Unreal Engine 5.6 has been benchmarked, revealing up to an impressive 30% performance gain while boosting graphics fidelity over Unreal Engine 5.4, perhaps finally addressing many of the engine's infamous stuttering issues. MxBenchmarkPC on YouTube showcased an Unreal Engine Paris tech demo running on an RTX 5080 and Core i7-14700F, comparing the 5.6 and 5.4 versions of the engine against each other at 1440p and 4K resolutions.
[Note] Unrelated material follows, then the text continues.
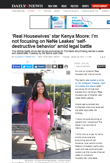 - Kenya Moore on NY Daily News (2015 Extra TV Set)
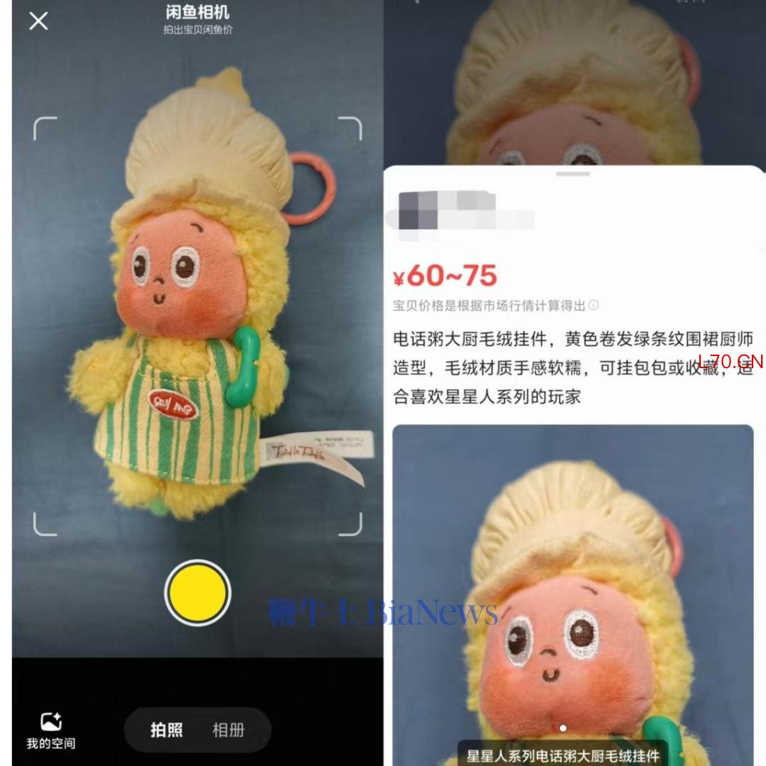 以一件闲置星星人挂件为例,拍摄完成后,系统自动识别出“毛绒挂件”品类等信息,并生成“电话粥大厨毛绒挂件、可挂包包或收藏、适合喜欢星星人系列的玩家”等描述文案,同时给出60-75元的商品行情价,并同步展示在闲鱼空间完成上架。

The YouTuber provided five runs featuring direct comparisons between engine versions, with several standalone runs mixed in. The first two runs involved moving benchmarks featuring a walk around the streets of Paris. The first run was benchmarked at 1440p, while the second was run at 720p to demonstrate a CPU-limited scenario.

In the first run, Unreal Engine 5.6 was 22% faster compared to version 5.4; additionally, CPU usage dropped by around 17% on average across all 16 threads (of the 14700F's 8 P-cores) with version 5.6. The 720p run showed even greater gains for Unreal Engine 5.6, which outperformed version 5.4 by a whopping 30%. The last three runs (with direct comparisons of 5.6 vs. 5.4) involved static shots of different areas of the city. These three runs were anywhere between 15% to 22% faster on Unreal Engine 5.6 compared to version 5.4.
The Paris demo also showcased improved environmental and object lighting in most scenes. Interior scenes are particularly darker with chairs and tables gaining extra shadowing in 5.6 over 5.4. The improved lighting fidelity gives the demo a more photorealistic look in version 5.6, while version 5.4 lighting looks more "gamified" by contrast.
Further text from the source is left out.